EDIT: It is less than 1 in 14950 though for the reasons explained in my edit, namely:
1) All cards seen pre-mulligan have to be 2 ofs in the deck
2) And each card must be different
You can work out the probability of that occurring too but it depends upon how many 1-ofs you are running.
However, given that the prior assumptions have occurred (you see 4 different cards you run 2 of in your deck and you mulligan them all), then the probability is indeed 1/14950 for that to happen.
It's about 5 times more likely to happen going first than going second,
3/27 * 2/26 * 1/25 = 6/17550 = 1/2995
Again, this assumes you see 3 different cards you run as 2-ofs in the mulligan.
(EDIT: Said 4.8 not 5 by mistake originally was using 14500 not 14950 for some reason. 14950/2995 ~= 4.99)
Well yeah, it would be relevant if that was stated as a condition, and your calculation would be correct in that case, although the OP was going 2nd.
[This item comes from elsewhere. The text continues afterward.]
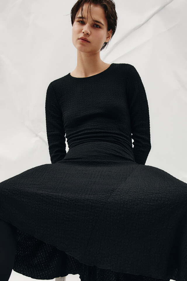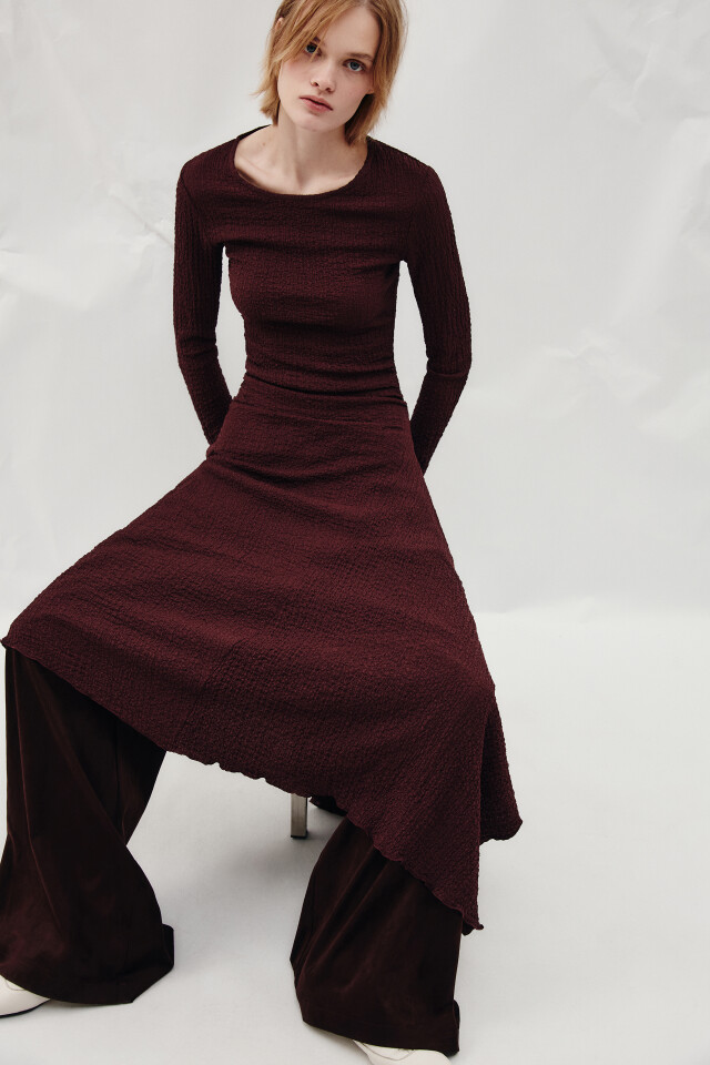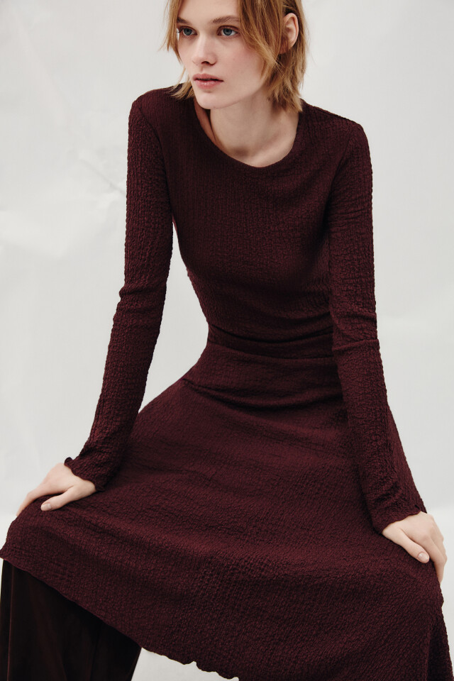 - Повседневные платья в рубчик. Они отлично подходят для образов в стиле casual. Носи их соло или сочетай с пиджаком или кардиганом — они поддержат и более строгое, и уютное настроение. Такие модели хорошо смотрятся и с грубыми сапогами или ботинками, и с уггами, и с кедами или кроссовками, и, конечно, с балетками. Настоящая находка для базового гардероба!

Maybe that's what the OP meant when he said "exact same cards", since exact seems unnecessary there.
EDIT: The factor involved [difference between the 2 cases] is r! where r is number of cards, since it's the factor that is the difference between (n choose r) = n!/(r! * (n-r)!) [number of ways to choose r objects from a set of n] and (n permute r) = n!/(n-r)! [number of ways to arrange r objects in order from a set of n]. Reasons: Pascal's Triangle, in which the r-th entry in the n-th row is (n choose r). There are many interesting things about Pascal's triangle, try colouring in the odd numbers in the triangle and removing the even ones and see what pattern emerges ;)
Which implies to me that all cards that you mulligan go back into the pool to draw from.
It does not come back to your hand in the mulligan phase, it comes back the first turn when you draw the first card. The cards you mulligan are added to the deck once the replacements are received.
In terms of what would happen in a real life card game, it works like this:
Look at your opening hand. Place cards you don't want to one side and then draw the same number from the deck.
Then, shuffle the cards you set aside into the deck.
Begin turn 1 and immediately draw a card.
If as you say it is often the case you throw back a legendary and get it back, it should be simple to find a video of this occurring.
EDIT: MtG does not work like that. In MtG you shuffle your entire hand back into the deck and draw a new one (with one less card unless you had 0 lands or all lands I think).
Speed up the scientific process by making a highlander deck (all 1-ofs). Always mulligan everything. Play the innkeeper and concede after the mulligan.
If the cards were available in the mulligan pool, then if you go 1st the chance to get one of them back would then be 3/30 or 10%. Going 2nd and mulligan everything the chance is 4/30 ~= 13.33%. Those odds are pretty good.
I suspect you'll be waiting a long time for a positive result though ;)
What will happen though is you draw one of the cards you threw away turn 1. Since you threw them all away the probability of getting one back immediately is 3/27 = 1/9 ~= 11.11% when going first or 4/26 ~= 15.38% when going 2nd.
EDIT Never mind. I am wrong on this one I think.